WORK INSTRUCTIONS
Pictures aside, copy exactly the lines running from the one with "Test Bank For" to the end of the records.

(Records from a data source)
━━━━━━━━
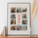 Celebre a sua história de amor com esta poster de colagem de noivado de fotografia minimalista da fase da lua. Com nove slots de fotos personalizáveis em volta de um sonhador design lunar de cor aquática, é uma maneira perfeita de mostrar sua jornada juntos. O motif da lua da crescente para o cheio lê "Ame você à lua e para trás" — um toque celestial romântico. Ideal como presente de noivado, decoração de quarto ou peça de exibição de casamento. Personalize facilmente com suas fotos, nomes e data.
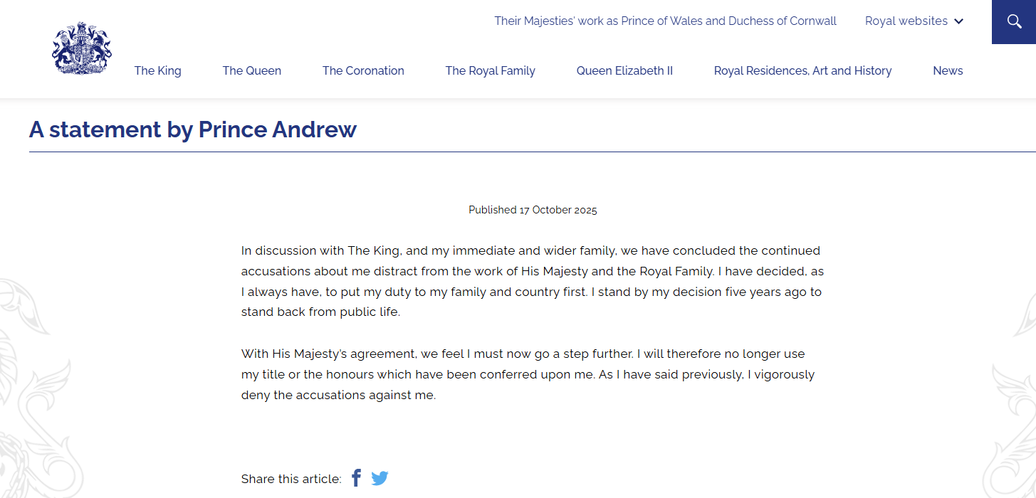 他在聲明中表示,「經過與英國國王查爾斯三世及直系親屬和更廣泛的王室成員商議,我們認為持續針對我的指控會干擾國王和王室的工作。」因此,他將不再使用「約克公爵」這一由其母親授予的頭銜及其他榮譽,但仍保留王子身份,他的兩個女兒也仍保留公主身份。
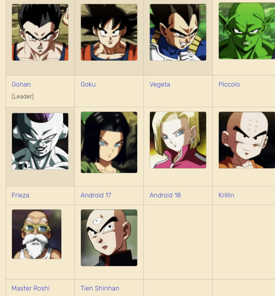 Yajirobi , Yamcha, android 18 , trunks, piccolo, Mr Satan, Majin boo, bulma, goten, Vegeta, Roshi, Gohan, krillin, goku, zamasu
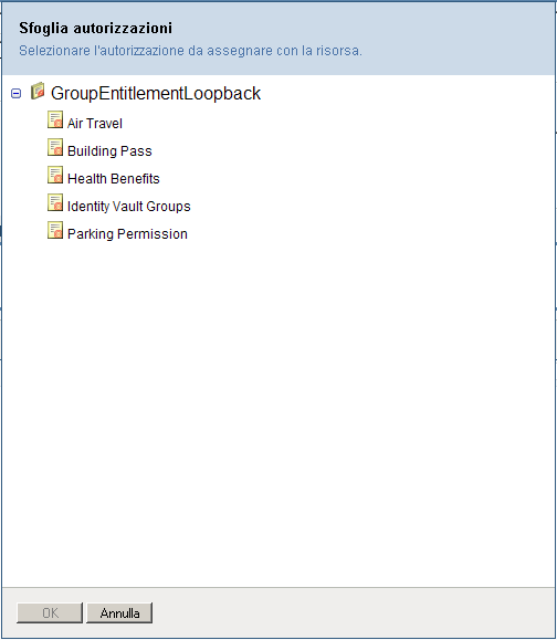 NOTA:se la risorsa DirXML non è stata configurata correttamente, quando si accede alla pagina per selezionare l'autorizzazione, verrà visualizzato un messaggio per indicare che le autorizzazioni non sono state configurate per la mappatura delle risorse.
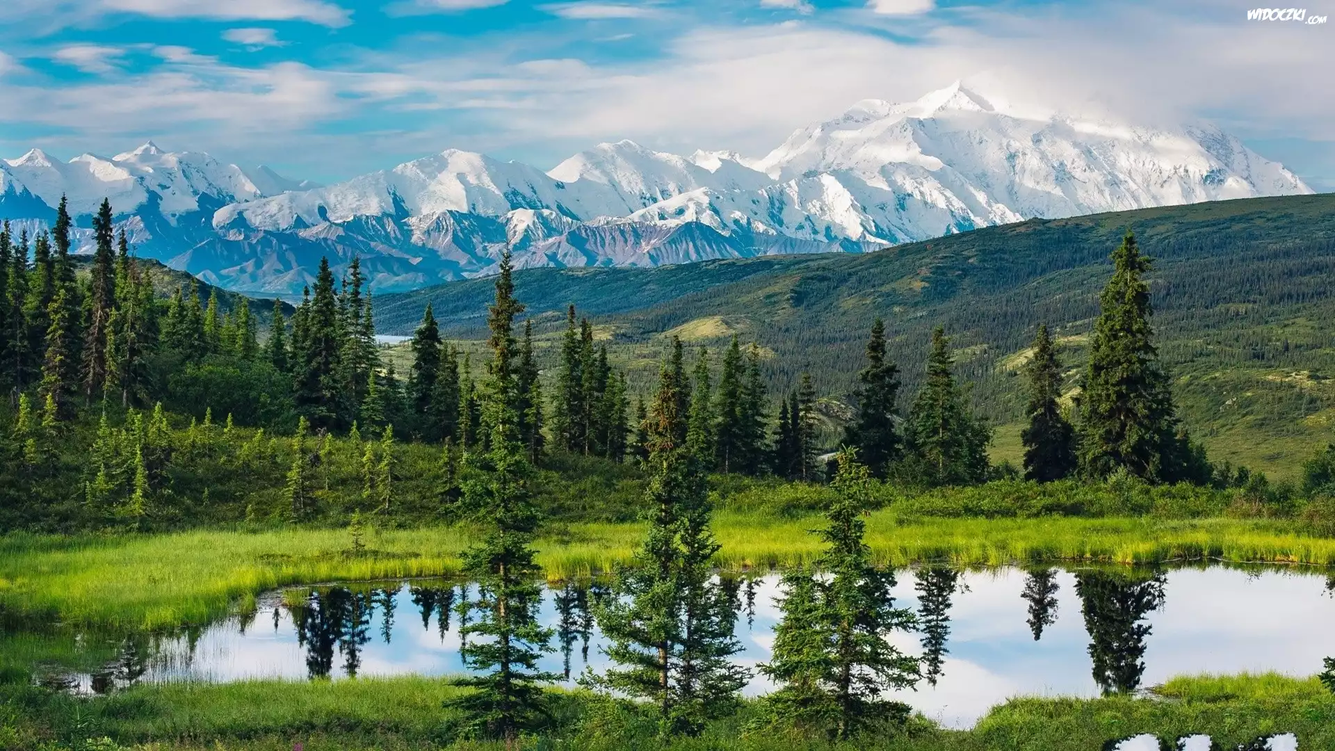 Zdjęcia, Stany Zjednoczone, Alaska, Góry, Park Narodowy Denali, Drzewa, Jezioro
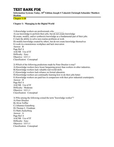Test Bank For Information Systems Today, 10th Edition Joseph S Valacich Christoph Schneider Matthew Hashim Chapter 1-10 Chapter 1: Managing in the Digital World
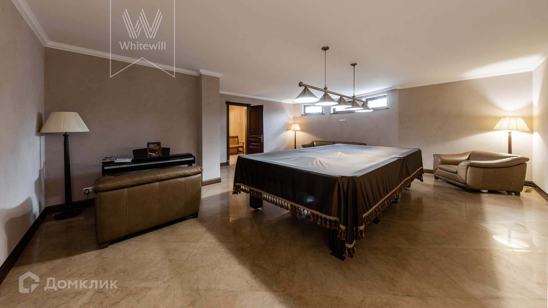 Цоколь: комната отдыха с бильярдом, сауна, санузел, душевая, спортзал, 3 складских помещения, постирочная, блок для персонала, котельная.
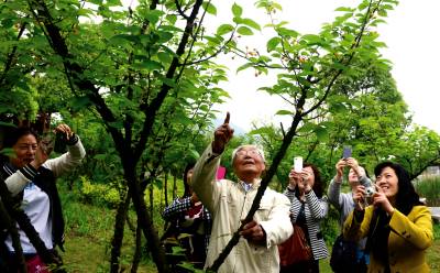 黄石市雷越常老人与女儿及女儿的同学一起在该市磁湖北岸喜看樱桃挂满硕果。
━━━━━━━━
RESULT OF THE TASK
Test Bank For Information Systems Today, 10th Edition Joseph S Valacich Christoph Schneider Matthew Hashim Chapter 1-10 Chapter 1: Managing in the Digital World
 Цоколь: комната отдыха с бильярдом, сауна, санузел, душевая, спортзал, 3 складских помещения, постирочная, блок для персонала, котельная.
 黄石市雷越常老人与女儿及女儿的同学一起在该市磁湖北岸喜看樱桃挂满硕果。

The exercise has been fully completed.